Mercer & Clayton (2012) state the mainstream approach uses quantitative methods when carrying out research, which produces objective knowledge, facts and statistics irrespective of politics and values; it is often associated with nomothetic approaches where findings can be applied universally. Whereas the critical approach uses qualitative methods, in which they seek better understanding and are not objective. it concentrates more on the inter relationship of the individual and social context. It looks to produce idiographic explications, in which it recognises broader social structures and searches to unfold the meanings of particular situations. Gough and McFadden (2001) suggest the best way to study social psychology is for the researcher to situate themselves within society and develop a critical attitude. Hepburn (2003:1) defines critical social psychology as being critical of society, the institutions and practices within it, It is also critical of psychology itself. It questions the assumptions made, its practices and its broader influences.

Sapsford & Dallos (1996:198) state that the mainstream “scientific” approach has been widely used throughout history, suggesting how we should deal with the major social problems at that time. For example Milgram’s (1961) electric shock study was motivated by world war two, it looked into the conditions in which people will obey and torture others.

Critical psychology argues that there is no one true knowledge; there can be multiple views on reality, although these are dependent on time and culture. Feri et al (2003) British longitudinal study on attitudes to relationships used participants born in 1946, 1958 and 1970, when followed up in 2000 all had very different attitudes and behaviour towards relationships. Time and cultural differences had a big impact, such as those born in 1946 were mostly married by age 31 whereas it was more common for those born in 1970 to be cohabiting and often on their second relationship by age 31. However all the participants were from the UK and the results of those not married or cohabiting could of been influenced by the divorce laws that came in to place.

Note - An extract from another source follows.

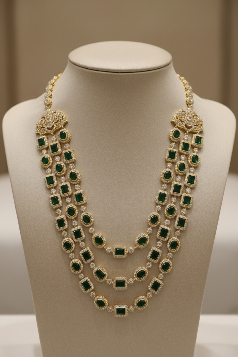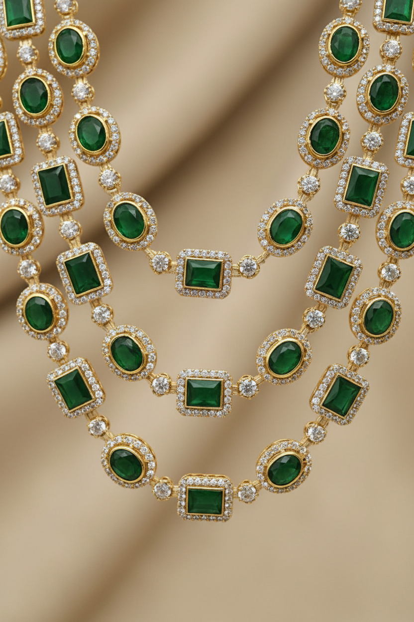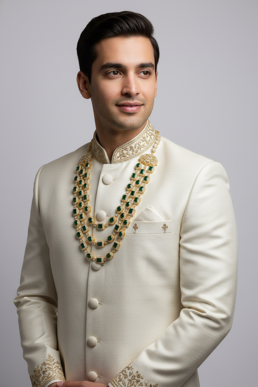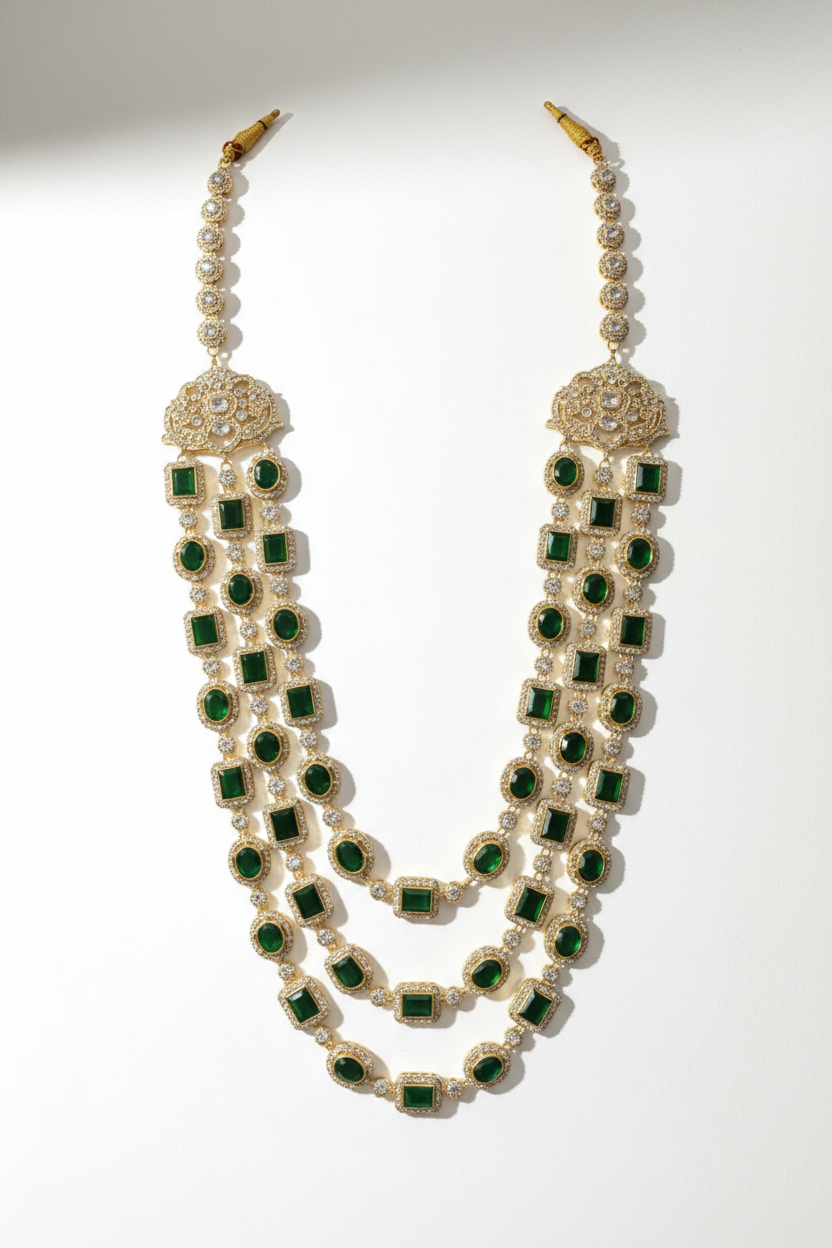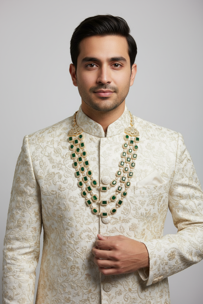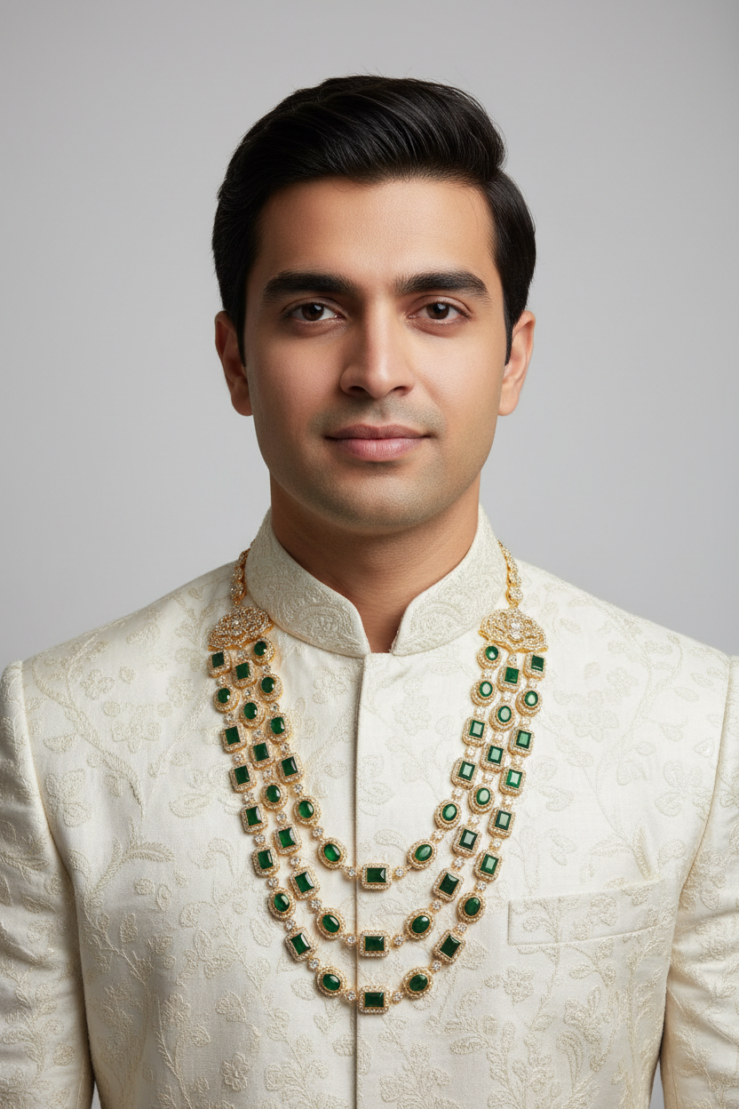 This Royal Emerald Green Kundan Groom Mala is specially designed to enhance the grandeur of traditional groom attire. Featuring multiple layers of rich emerald green stones set in elegant gold-toned kundan frames, this mala creates a majestic and royal look.

Critical psychologists have adopted the framework of social constructionist’s. Willig (2001:7) defines social constructionist research as identifying the variety of ways of constructing social reality, exploring the conditions of their use and to locate their consequences for human experience and social practice. Basically how people experience and perceive the world that they live in and how it effects the way in which we behave. Mercer and Clayton (2012) claim research starts at the heart which is the society not the individual. Meanings and practices which are socially and culturally organised impact human nature and behaviour, these meanings are constructed and re-constructed through the use of language which is of central importance in this perspective as researchers listen to how people explain their world.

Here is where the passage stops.